Min Ren et al. proposed a novel approach by interpreting deep face recognition models via facial attributes. They presented a two-stage framework that recovers attributes from the deep face representations, enabling them to quantify facial characteristics’ importance in the recognition model [15].

2.1 Innovative Feature Extraction

Gabor filters for emotion analysis and MFCC for speech input are combined. This way, emotion, and fluency can be accessed for a good assessment.

2.2 Real-time Fluency Measurement

Existing methods only targeted emotion detection without fluency evaluation. Our proposed system evaluates other metrics related to fluency; speech rate, pausing, and articulation, among others.

2.3 State-of-the-art Machine Learning Pipeline

The combined use of logistic regression, CNN, and RF provides optimal predictions with reduced complexity.

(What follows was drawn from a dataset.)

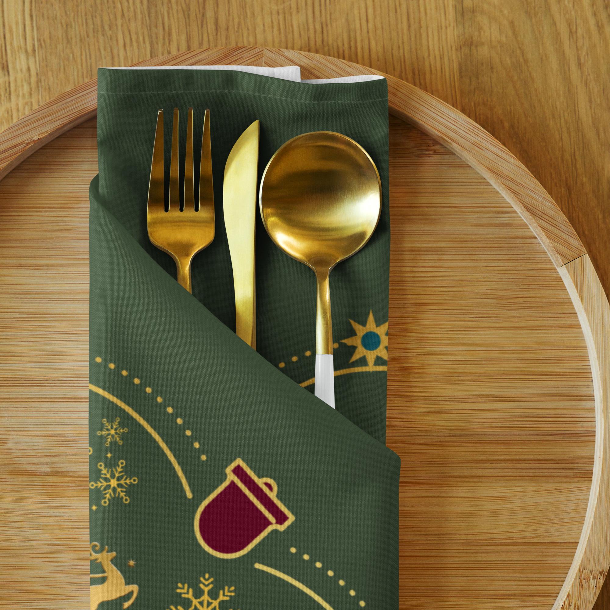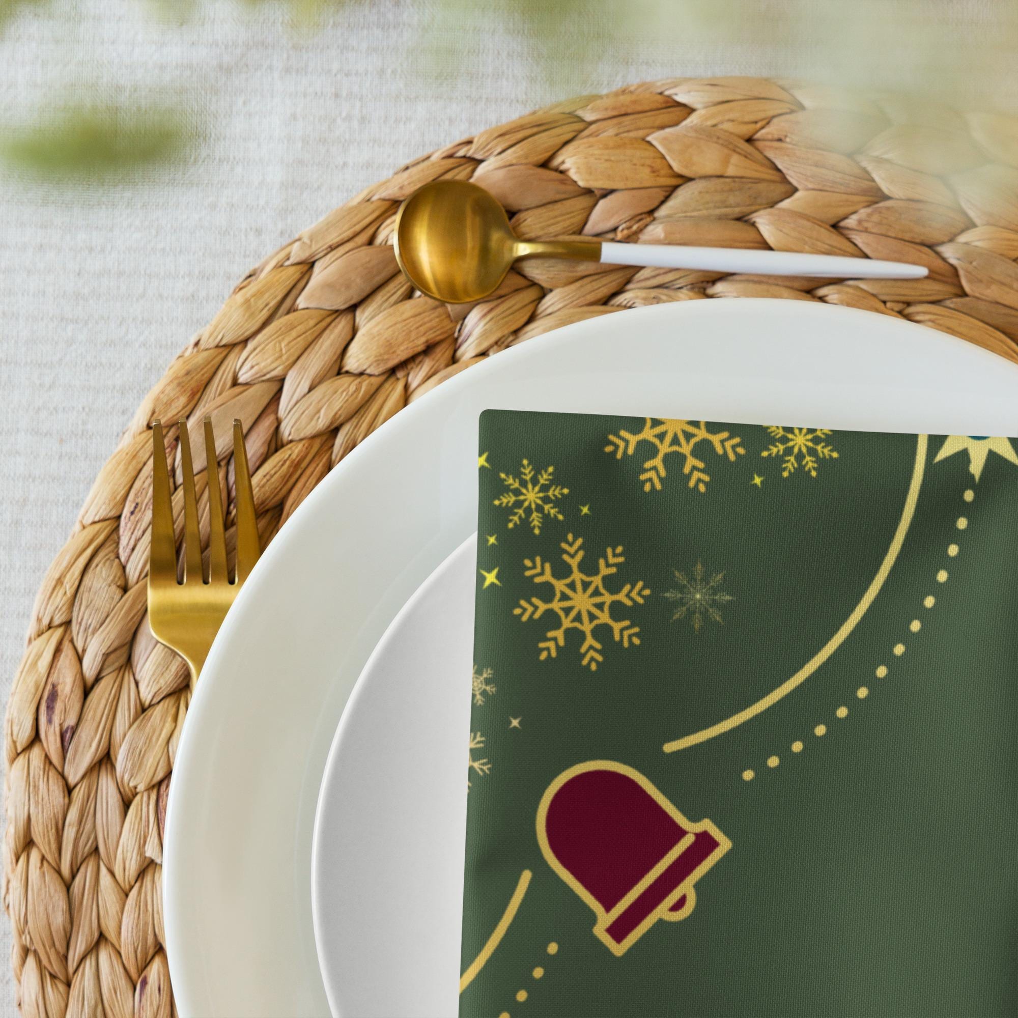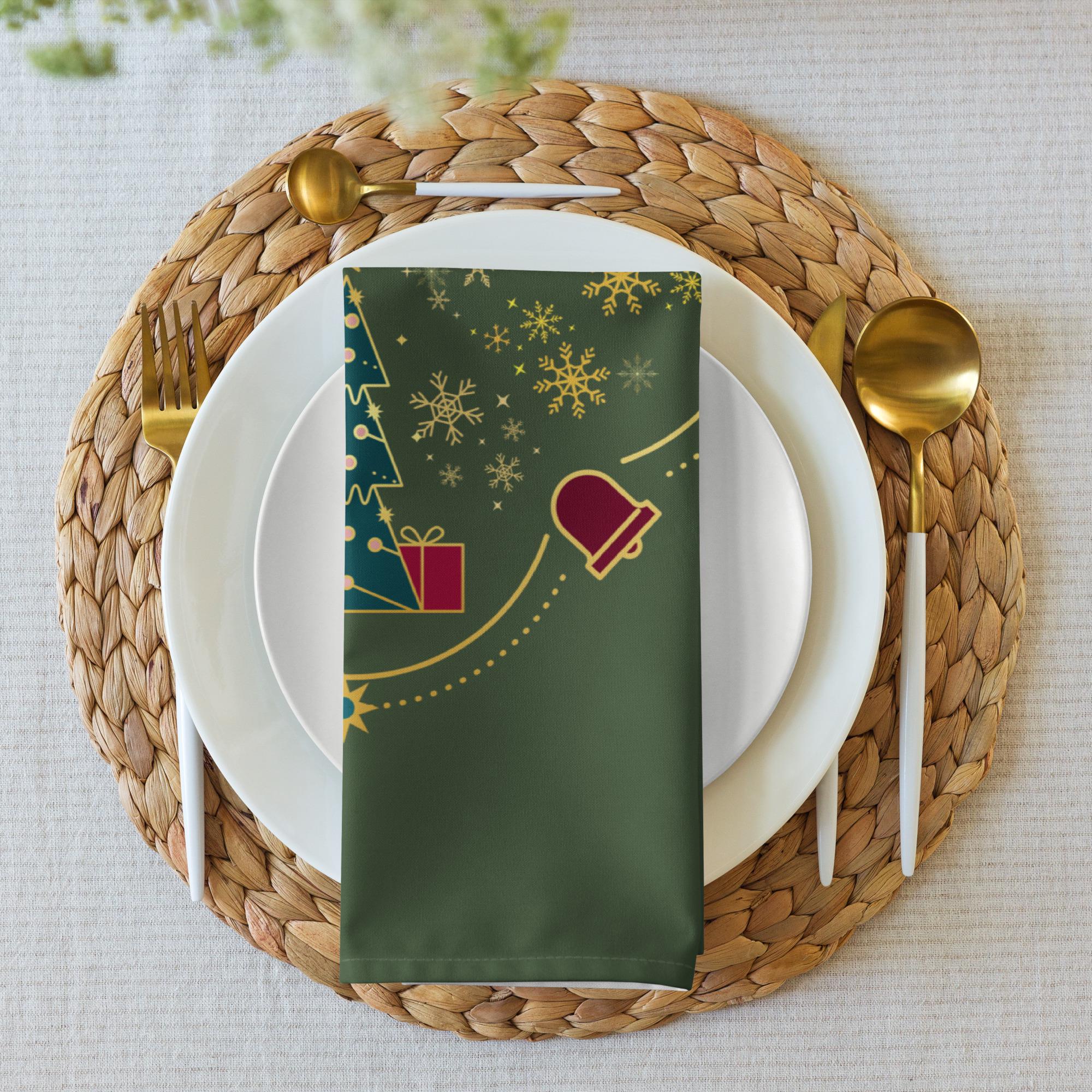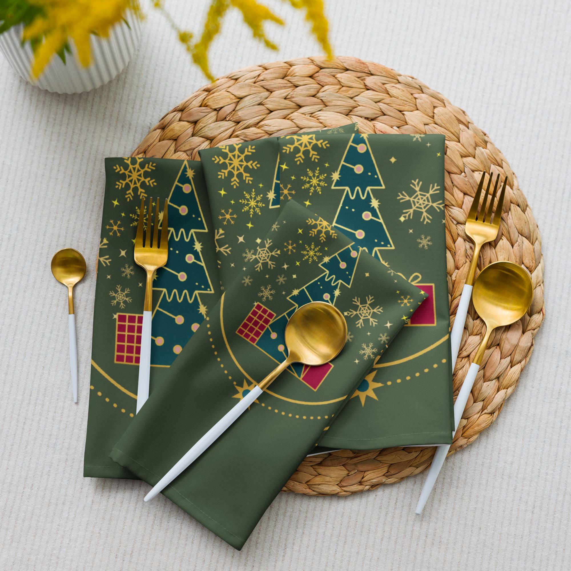 Add warmth, elegance, and festive charm to your holiday table with this set of four 20" × 20" cloth napkins, beautifully printed with a shimmering gold Christmas design on deep evergreen.

2.4 Scalability & Integration

Designed for deployment in real-world applications across telemedicine, education, and HCI.

3 Methodology

Extracting frames and audio from the video and then processing them to categorize them into meaningful information as a conclusion marks the primary process for Emotion and Fluency Analysis. Therefore, it includes four components: dataset collection, feature extraction, prediction model, and analysis report. This section describes these four components.

3.1 Dataset Description

3.1.1 Dataset for emotion analysis

The first stage for every image processing system in feature deduction & image understanding is image retrieval & preprocessing. Target images are derived from the input source through streaming or static images [4]. Datasets utilized for Facial Emotion Identification are FER2013, ck+, etc., containing almost 35800 images, amongst which eighty percent were exploited for training purposes, and the remaining 20% was utilized for trial. The number of images in distribution was 4953 anger images, 547 disgust images, 5121 images for fear, 8989 happy images, 6077 sad images-, 4002 images for surprise emotion, and 6198 neutral pictures. About 700 images are in the ck+ dataset, distributed for each emotion type 100 images [3]. The current study in [2] collected real-time data from over 100 native speakers of Chinese with varied professional experiences to participate in the experiment. In [8], publicly available datasets like FER-2013 and AffectNet consist of labeled human facial expression pictures. However, to increase the robustness and applicability of the proposed model in real-time and also to improve its generalizability, we can include more diverse datasets that provide broader demographic representation across different ethnicities, age groups, and cultural backgrounds. Some of those datasets are AffectNet, RAF-DB, and CREMA-D. These datasets consist of a vast range of facial expressions and speech data from people from different age groups, ethnicities, and cultural backgrounds, which means the model generalizes well beyond the limited scope of FER2013 and CK+. Besides, data augmentation techniques, such as adaptive histogram equalization, synthetic data generation, and style transfer, can be applied to artificially increase dataset diversity and enhance model robustness.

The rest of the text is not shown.